As with single inheritance, the derived class has access to all the non-private members of all of its base classes. The derived class constructor initializes all the base classes in order of declaration. If you have to pass arguments to any base class constructor, do so in the initializer list. As with data members, the order of initializers does not matter. Only the order of declaration matters, as illustrated in Listing 66-1.

Listing 66-1.  Demonstrating the Order of Initialization of Base Classes

#include <iostream>
#include <ostream>
#include <string>
 
class visible {
public:
    visible(std::string&& msg) : msg_{std::move(msg)} { std::cout << msg_ << '
'; }
    std::string const& msg() const { return msg_; }
private:
    std::string msg_;
};
 
class base1 : public visible {
public:
   base1(int x) : visible{"base1 constructed"}, value_{x} {}
   int value() const { return value_; }
private:
   int value_;
};
 
class base2 : public visible {
public:
   base2(std::string const& str) : visible{"base2{" + str + "} constructed"} {}
};
 
class base3 : public visible {
public:
   base3() : visible{"base3 constructed"} {}
   int value() const { return 42; }
};
 
class derived : public base1, public base2, public base3 {
public:
   derived(int i, std::string const& str) : base3{}, base2{str}, base1{i} {}
   int value() const { return base1::value() + base3::value(); }
   std::string msg() const
  {
     return base1::msg() + "
" + base2::msg() + "
" + base3::msg();
  }
};
 
int main()
{
   derived d{42, "example"};
}

Your compiler may issue a warning when you compile the program, pointing out that the order of base classes in derived’s initializer list does not match the order in which the initializers are called. Running the program demonstrates that the order of the base classes controls the order of the constructors, as shown in the following output:

base1 constructed
base2{example} constructed
base3 constructed

Figure 66-1 illustrates the class hierarchy of Listing 66-1. Notice that each of the base1, base2, and base3 classes has its own copy of the visible base class. Don’t be concerned now, but this point will arise later, so pay attention.

If two or more base classes have a member with the same name, you must indicate to the compiler which of them you mean, if you want to access that particular member. Do this by qualifying the member name with the desired base class name when you access the member in the derived class. See the examples in the derived class in Listing 66-1. Change the main() function to the following:

int main()
{
   derived d{42, "example"};
   std::cout << d.value() << '
' << d.msg() << '
';
}

Predict the output from the new program.

Compare your results with the following output I got:

base1 constructed
base2{example} constructed
base3 constructed
84
base1 constructed
base2{example} constructed
base3 constructed

Virtual Base Classes

Sometimes you don’t want a separate copy of a common base class. Instead, you want a single instance of the common base class, and every class shares that one common instance. To share base classes, insert the virtual keyword when declaring the base class. The virtual keyword can come before or after the access specifier; convention is to list it first.

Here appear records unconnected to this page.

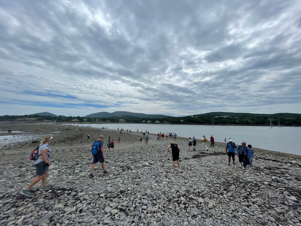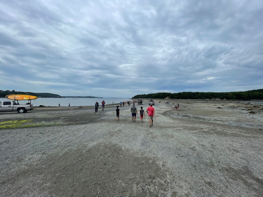 * This is a small island off the coast of Bar Harbor that is only accessible during low tide. During high tide, the whole sand bar area is completely covered with water.
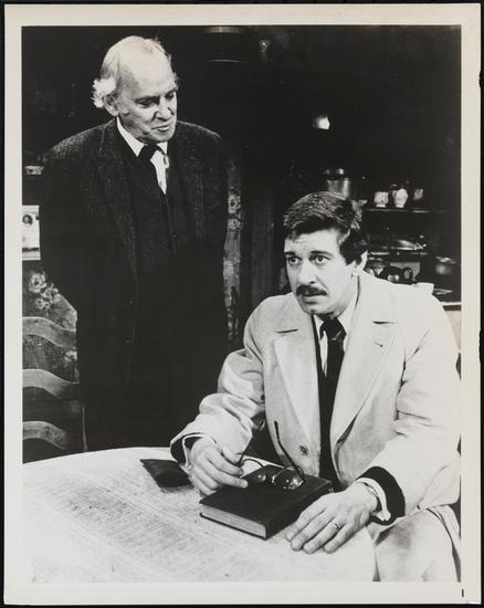 [Barnard Hughes as Father William Doherty and Fritz Weaver as Niles Harris in "Angels Fall".]
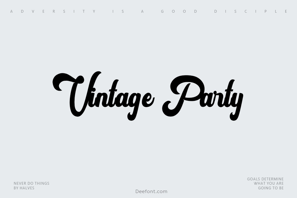 Vintage Party is a bold and playful script font inspired by retro party vibes, designed to bring a lively and old-school atmosphere to your creative work. Its unique curves and handcrafted style are perfect for invitations, posters, logos, and branding that aim to capture a festive or nostalgic feel. The free version offers a stylish selection of characters for personal use, while the commercial version unlocks the complete glyph set for professional projects. Vintage Party fits perfectly into vintage-themed, decorative, or party-related designs.
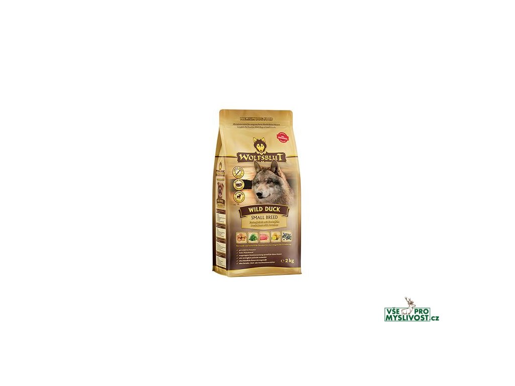 Vlci loví svou kořist od Skalistých hor Severní Ameriky, arktické tundry, hor a lesů Evropy až po pouště a stepi střední Asie. To jim dodává maso a vnitřnosti bohaté na živiny, ale také zeleninu, ovoce, bobule, kořeny a bylinky z obsahu žaludku kořisti. Obilí zde není zahrnuto. Vlk tak přijímá potřebné vitamíny, minerály, stopové prvky, enzymy a druhotné rostlinné látky. Vzhledem k tomu, že vlk je předkem všech psů, naše suché krmivo pro psy Wolfsblut je založeno na přirozených stravovacích návycích vlka. Obsahuje hodně masa nebo ryb v kombinaci se superpotravinami, které obsahují hodnotné ingredience – stejně jako v přírodě, bez obilovin. Náš výběr výjimečných druhů masa a superpotravin bohatých na živiny vychází z vlčích biotopů a jejich pestré stravy. Wolfsblut nabízí každému psovi druhově vhodnou a originální stravu a díky rozmanitosti odrůd si každý najde něco, co snese. Receptura na suché krmivo WILD DUCK SMALL BREED kombinuje výživu vlků s nejnovějšími vědeckými poznatky o správné výživě psů.
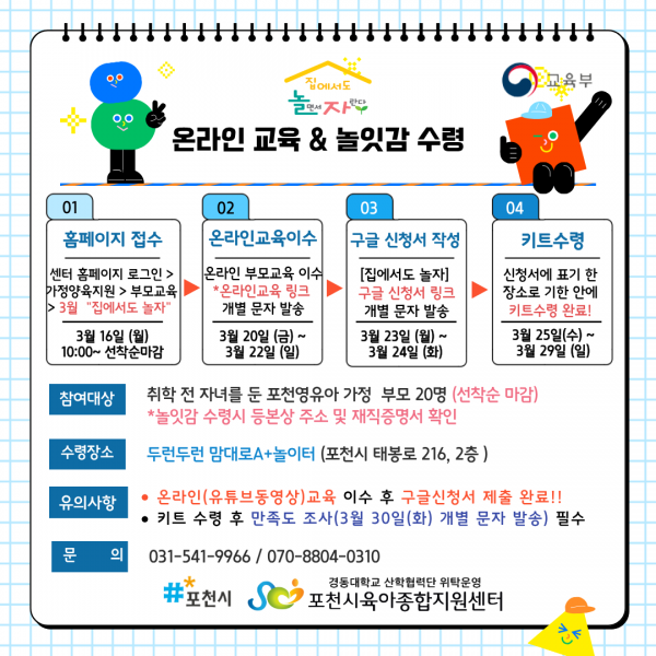 | 교육대상 | 취학 전 자녀를 둔 포천영유아 가정 부모20명 | ||

Imagine changing the visible base class to be virtual when each of base1, base2, and base3 derive from it. Can you think of any difficulty that might arise?

Notice that each of the classes that inherit from visible pass a different value to the constructor for visible. If you want to share a single instance of visible, you have to pick one value and stick with it. To enforce this rule, the compiler ignores all the initializers for a virtual base class, except the one that it requires in the most-derived class (in this case, derived). Thus, to change visible to be virtual, not only must you change the declarations of base1, base2, and base3, but you must also change derived. When derived initializes visible, it initializes the sole, shared instance of visible. Try it. Your modified program should look something like Listing 66-2.

Listing 66-2.  Changing the Inheritance of Visible to Virtual

#include <iostream>
#include <ostream>
#include <string>
 
class visible {
public:
    visible(std::string&& msg) : msg_{std::move(msg)} { std::cout << msg_ << '
'; }
    std::string const& msg() const { return msg_; }
private:
    std::string msg_;
};
 
class base1 : virtual public visible {
public:
   base1(int x) : visible{"base1 constructed"}, value_{x} {}
   int value() const { return value_; }
private:
   int value_;
};
 
class base2 : virtual public visible {
public:
   base2(std::string const& str) : visible{"base2{" + str + "} constructed"} {}
};
 
class base3 : virtual public visible {
public:
   base3() : visible{"base3 constructed"} {}
   int value() const { return 42; }
};
 
class derived : public base1, public base2, public base3 {
public:
   derived(int i, std::string const& str)
   : base3{}, base2{str}, base1{i}, visible{"derived"}
   {}
   int value() const { return base1::value() + base3::value(); }
   std::string msg() const
   {
     return base1::msg() + "
" + base2::msg() + "
" + base3::msg();
   }
};
 
int main()
{
   derived d{42, "example"};
   std::cout << d.value() << '
' << d.msg() << '
';
}

Predict the output from Listing 66-2.

Notice that the visible class is now initialized only once and that the derived class is the one that initializes it. Thus, every class message is “derived”. This example is unusual because I want to illustrate how virtual base classes work. Most virtual base classes define only a default constructor. This frees authors of derived classes from concerning themselves with passing arguments to the virtual base class constructor. Instead, every derived class invokes the default constructor; it doesn’t matter which class is the most derived.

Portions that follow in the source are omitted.